The cerebrospinal fluid (CSF) volume is renewed two to three times each day [1], and a disruption of this physiologic process can lead to excess CSF buildup, causing hydrocephalus [2]. This pathology has an incidence of one in every 500 children [3] and accounts for approximately two billion dollars in health expenditures in the USA [4].

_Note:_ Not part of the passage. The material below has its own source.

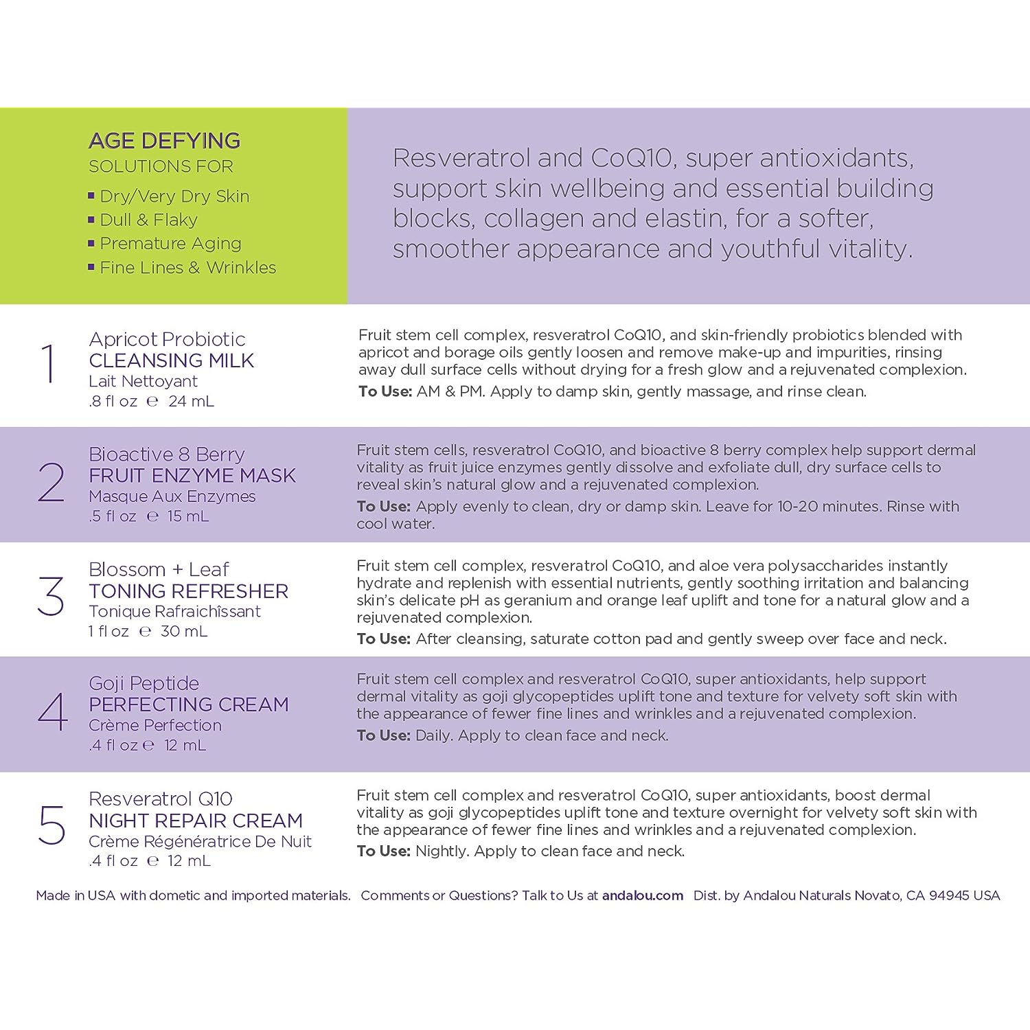 Andalou naturals 5 skin care essential get-started kit, age defying is a travel-sized skin care kit. With five components, the andalou naturals 5 skin care essential get-started kit, age defying is a convenient power combination to help give your skin a nutrient boost, allowing its natural beauty to shine through. This product is non-gmo. Each box of andalou naturals 5 skin care essential get-started kit, age defying contains five pieces

The mainstay treatment of hydrocephalus is shunt insertion, which diverts CSF from the ventricular system toward another body cavity, and a ventriculoperitoneal shunt (VPS) is the most common conduit [5]. Although shunts have drastically improved outcomes in children with hydrocephalus, they are still prone to complications [5,6,7]. Shunt malfunction can be due to catheter occlusion, disconnection, and infection [5, 6]. A defective shunt is unable to adequately divert CSF from the ventricular system, thus leading to subsequent hydrocephalus and its myriad of symptoms such as vomiting, irritability, and drowsiness [2, 8, 9]. Failure is a common sequelae of shunts as Stone et al. noted that 84.5% of patients required at least one or more revisions in a cohort of patients with over 19 years of follow-up [6]. Regardless of the etiology, shunt failure is a costly complication that is more common in children [10].

A diagnosis of shunt failure is based on clinical presentation and radiographic findings [11, 12], with computed tomography (CT) often used as the confirmatory test [13]. Although hydrocephalus is generally detectable on neuroimaging, there is a subset of symptomatic patients with meaningful ventricular volume changes whose CT scans may have no detectable changes on routine radiographic evaluation [14,15,16]. Although not easily noticeable, such small volume changes can have severe clinical implications [17,18,19]. Therefore, it is imperative to investigate technological modalities that can aid in earlier detection of shunt failure and recognition of subtle radiographic changes that still have meaningful volumetric changes consistent with shunt malfunction.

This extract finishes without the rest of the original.